How can you help? You can help our project by downloading and running our client software. Our algorithms are designed such that for every computer that joins the project, we get a commensurate increase in simulation speed.
FAH client applications are available for the Macintosh, PC, and Linux, and GPU and SMP clients are also available. In fact, Sony has developed a FAH client for its Playstation 3 consoles (it’s included with system version 1.6 and later, and downloadable otherwise) to leverage its CELL microprocessor to provide performance at a 20 GigaFLOP scale.
As you’ll note in the architecture overview below, the @home with Windows Azure project specifically leverages the FAH Windows console client.
The @home with Windows Azure project comprises two distinct Azure applications, the distributed.cloudapp.net site (on the right in the diagram below) and the application you deploy to your own account via the source code we’ve provided (shown on the left). We’ll call this the Azure@home application from here on out.
distributed.cloudapp.net has three main purposes:
- Serve as the ‘go-to’ site for this effort with download instructions, webcast recordings, and links to other Azure resources.
- Log and reflect the progress made by each of the individual contributors to the project (including the cool Silverlight map depicted below)
- Contribute itself to the effort by spawning off Folding@home work units.
The other Azure service in play is the one you can download from distributed.cloudapp.net (either in VS2008 or VS2010 format) – the one we’re referring to as Azure@home. This cloud application contains a web front end and a worker role implementation that wraps the console client downloaded from the Folding@home site. When you deploy this application, you will be setting up a small web site including a default page (image the left below) with a Bing Maps UI and a few text fields to kick off the folding activity. Worker roles deployed with the Azure service are responsible for spawning the Folding@home console client application - within a VM in Azure - and reporting the progress to both your local account’s Azure storage and the distributed.cloudapp.net application (via a WCF service call).
Via your own service’s website you can keep tabs on the contribution your deployment is making to the Folding@home effort (image to right above), and via distributed.cloudapp.net you can view the overall impact of the @home with Windows Azure project – as I’m writing this the project is ranked 583 out of over 184,000 teams; that’s in roughly the top 0.3% after a little over two months, not bad!
I’ll be exploring the design and implementation of the Azure@home piece via upcoming posts on my blog.
Everything you need to know about getting started with @home with Windows Azure is available at the distributed.cloudapp.net site, but here’s a summary:
- Operating System
- Windows 7
- Windows Server 2008 R2
- WIndows Server 2008
- Windows Vista
- Visual Studio development environment
- Windows Azure Tools for Visual Studio (which includes the SDK) and has the following prerequisites
- IIS 7 with WCF Http Activation enabled
- SQL Server 2005 Express Edition (or higher) – you can install SQL Server Express with Visual Studio or download it separately.
- Azure@home source code
- Folding@home console client For Windows XP/2003/Vista (from Stanford’s site)
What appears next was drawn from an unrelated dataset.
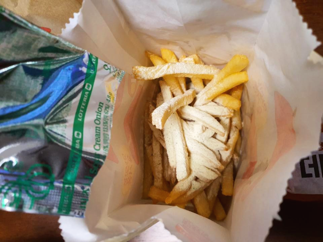아내분께서는 양념감자가 드시고 싶다며 돈 추가해서 오니언 양념감자로 꼭 변경하라고 하셨습니다. 저는 담백한 감튀를 좋아하는데 아내분은 오니언 양념감자를 좋아하십니다. 두 세트 모두 양념감자로 변경해서 추가로 1천원을 결제하였습니다.

In addition to the core pieces listed above, feel free to view one of the webcast recordings or Brian’s screencast to learn how to deploy the application. We won’t be focusing so much on the deployment in the upcoming blog series, but more on the underlying implementation of the constituent Azure services.
That’s it for now. I’ll be following up with the next post within a few days or so; until then keep your head in the clouds, and your eye on your code.